Вот и сейчас — еще полторы недели назад на улице стоял пазимник, листья мирно желтели и краснели, расцвечивая школьный двор этими двумя колерами. Эльфы только вздыхали, глядя, как гном-завхоз, ругаясь в бороду, сметает всю эту красоту в кучу и после испепеляет ее единой искрой. А в прошлое воскресенье с севера подули ледяные ветры, мигом содравшие с деревьев всю оставшуюся листву. Небо затянуло серым, оттуда немедленно повалил снег — белый и пушистый, вызвавший у эльфов очередные неуемные восторги. Я утешила себя мыслью, что этот снег — первый, а значит, растает через пару дней.

Ага, держи карман шире! Ни мрыса он не таял, только еще больше валил из туч; к пятнице он уже лежал этакими славными сугробами, а в ночь на субботу разыгралась самая настоящая, хотя и маленькая, метель. Она так стучала в запертые ставни, что Полин стонала во сне, невнятно бормоча что-то вроде: «Ну хватит долбиться, заходи уже!»

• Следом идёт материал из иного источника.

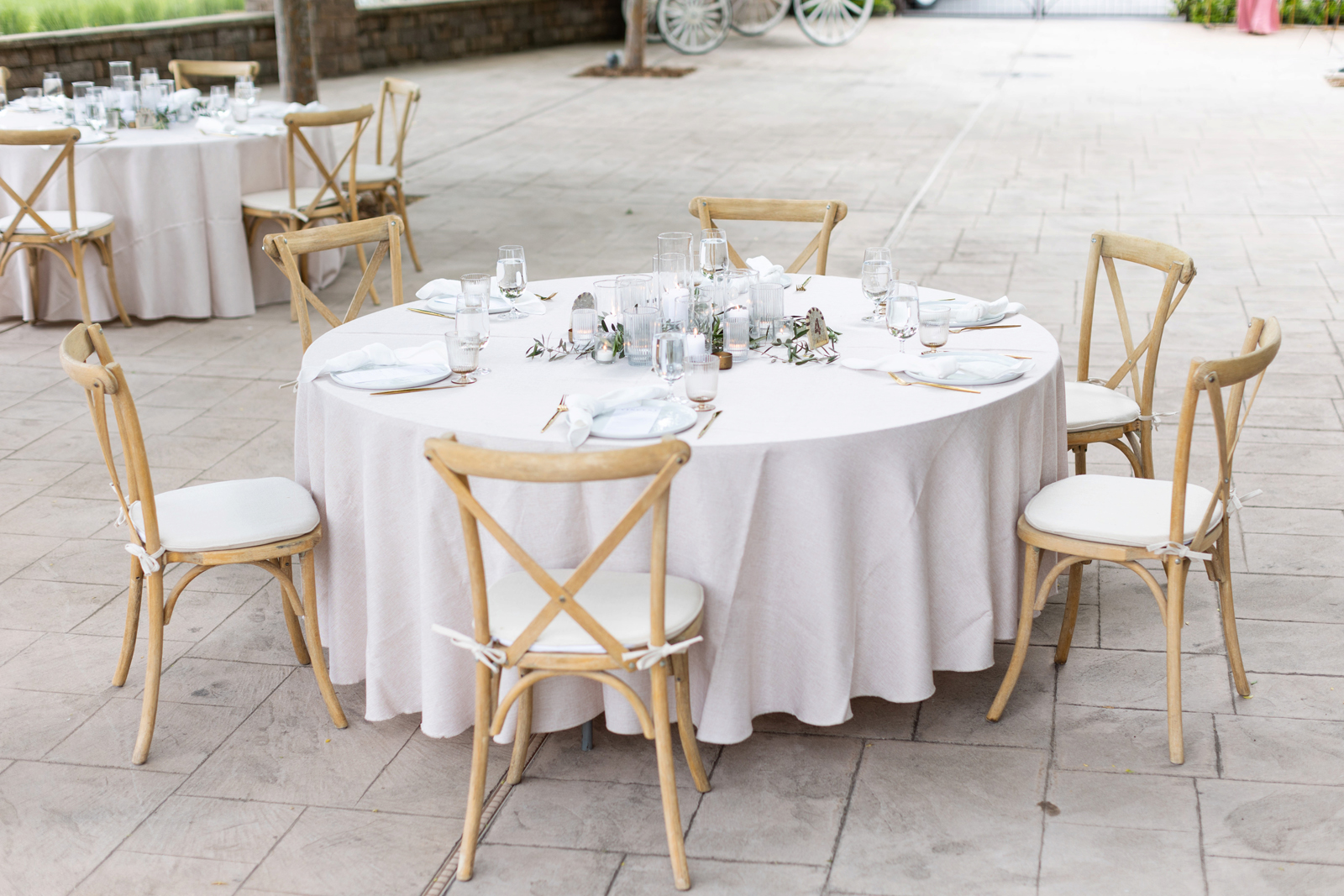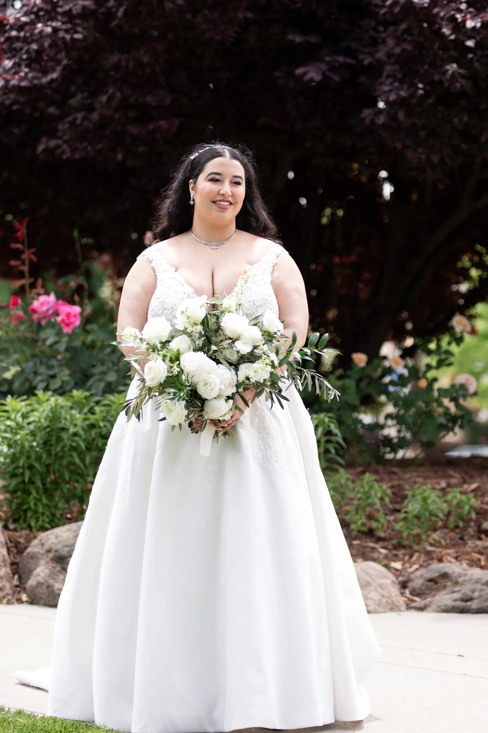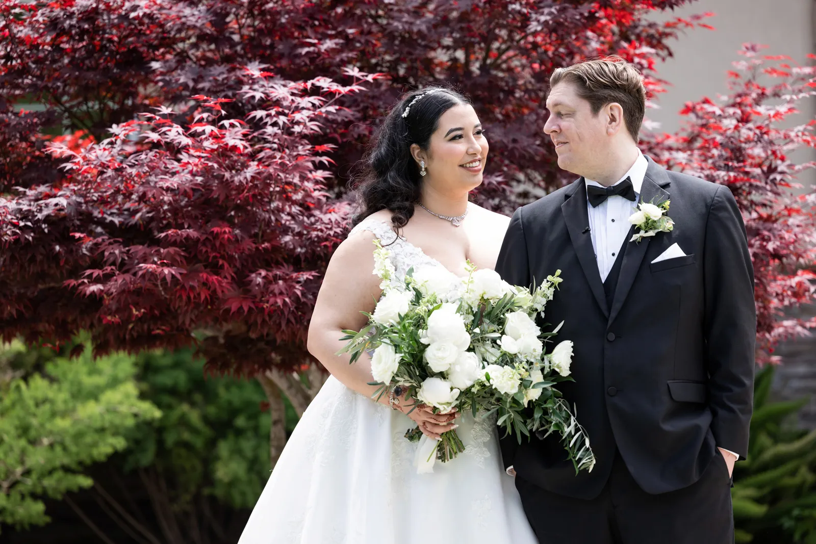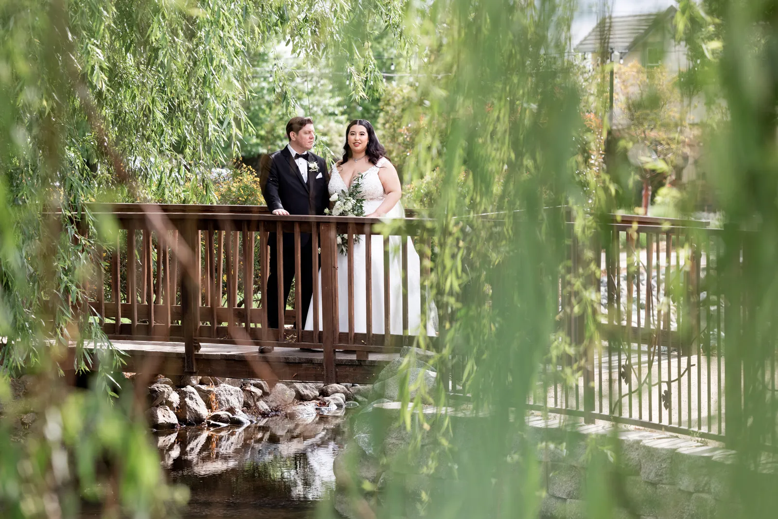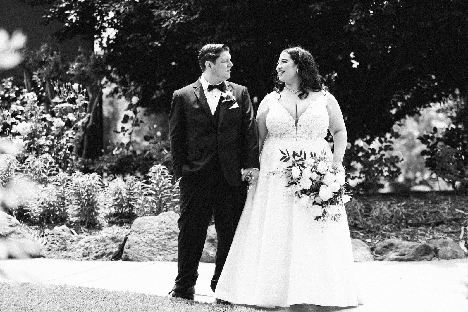 The ceremony was absolutely beautiful. We were worried about the weather—it had been hot all week and then was suddenly going to rain that day. Luckily, that day had a lovely mild temperature and was a little overcast, perfect for photos. Instead of having our wedding party standing with us, we opted to just have my guest-of-honor and his best man standing there, to reduce visual clutter and to keep it minimal. We asked one of my best friends, Laura, to officiate, and she did an incredible job even though it was her first time. Her speech was heartfelt, funny and succinct. We really did not want the ceremony to drag on—we were too excited to be married! We also did our first look and vows privately, to cut down on ceremony time and have more time to ourselves. Overall, it was a great decision. We ended up having lovely intimate moments, and it reduced the ceremony jitters.
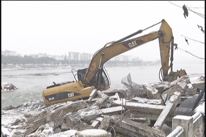 【导语】昨天,氵厥水一桥被成功爆破,今天,尽管下起了雪,但在一桥施工现场,工人们依然在忙碌着拆除后续工作,我们一起去看看。

А сейчас был вечер, и была суббота. И было тридцать первое пазимника, испокон веку отмечавшееся в Лыкоморье под благозвучным названием Савайн.

Откуда в почти поголовно словенской стране вдруг взялось заграничное празднество — знают одни только боги. Хотя… иностранцев здесь тоже всегда хватало, даже и из людей — почти все наши магистры были родом из Западного Края, а иные даже и из Западных Земель. Про эльфов, гномов и вампиров, так и быть, промолчим. Уже который год Словенское Общество било в набат, утверждая, что страна вот-вот сгинет с политической карты, оставив после себя лишь горстку истинных лыкоморцев да кучу иноземных проходимцев. Утверждалось также, что проходимцы эти спят и видят, как бы окончательно подорвать оплот лыкоморской государственности; иные доброхоты из Общества даже пробрались к царю, высказав ему на личной аудиенции все, что думали касательно исторического пути державы. Царь, говорят, отнесся к доброхотам с прохладцей: еще бы, иноземцы жили здесь не первый век, а держава все еще стояла. Это еще вопрос, кто исчезал — чем больше иностранец жил в Лыкоморье, тем меньше, собственно, в нем и оставалось иностранного. Лыковку хлестали по крайности так, как делать это умеют только подлинные аборигены. Да и потом, ни один царь не терпит, когда ему начинают советовать, как лучше. Наш так в особенности…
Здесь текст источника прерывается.